Professor Majid Ezzati, from Imperial College London, who led the research based on pooled data from almost 1,700 population studies and 186 countries, said: "Over the past 40 years, we have changed from a world in which underweight prevalence was more than double that of obesity, to one in which more people are obese than underweight.

"If present trends continue, not only will the world not meet the obesity target of halting the rise in the prevalence of obesity at its 2010 level by 2025, but more women will be severely obese than underweight by 2025.

"To avoid an epidemic of severe obesity, new policies that can slow down and stop the worldwide increase in body weight must be implemented quickly and rigorously evaluated, including smart food policies and improved health-care training."

Despite the fact that BMI has risen around the world overall, the study authors noted that excessively low body weight remained a serious public health issue in the world's poorest regions.

In southern Asia, almost a quarter of the population were still underweight, and in central and east Africa more than 15% of men and 12% of women weighed too little.
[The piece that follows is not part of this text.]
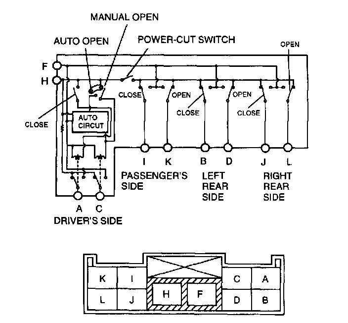 4. When checking the driver's side, connect the battery positive voltage to terminal H and connect the ground to the terminal F.

Writing in the journal, Professor George Davey Smith from the School of Social and Community Medicine at the University of Bristol, stressed the importance of not letting obesity divert attention away from poor nutrition.

"A focus on obesity at the expense of recognition of the substantial remaining burden of under-nutrition threatens to divert resources away from disorders that affect the poor to those that are more likely to affect the wealthier in low income countries," he said.
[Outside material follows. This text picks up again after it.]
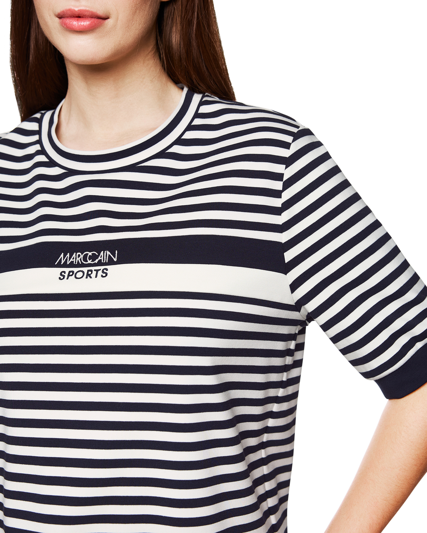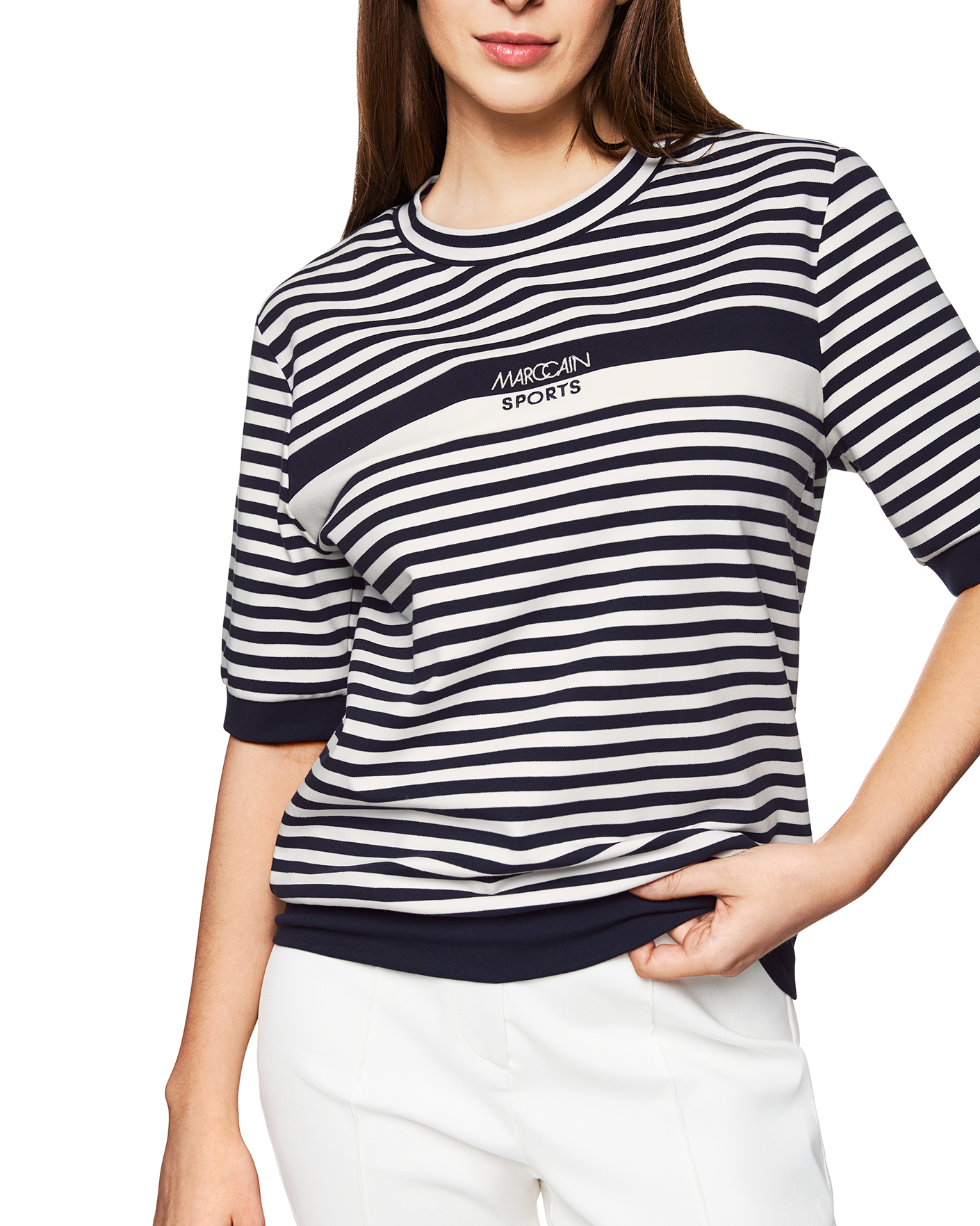Футболка Marc Cain Sport бело-синего цвета в горизонтальную полосу. Модель с круглым вырезом и короткими рукавами. Футболка - универсальная вещь на каждый день.

Professor Neena Modi, president of the Royal College of Paediatrics and Child Health, added: "These results are a stark reminder to Government of the work that still must be done to combat obesity.

"This is an international problem, and worldwide joined-up thinking is needed to make progress.

"The UK can be a world leader in tackling obesity and the Government's upcoming Children's Obesity Strategy provides a good opportunity to be that leader.

"The recent announcement of a sugar tax is a welcome start. We look forward to seeing a rigorous evaluation of its impact so that other countries can benefit from this excellent UK example."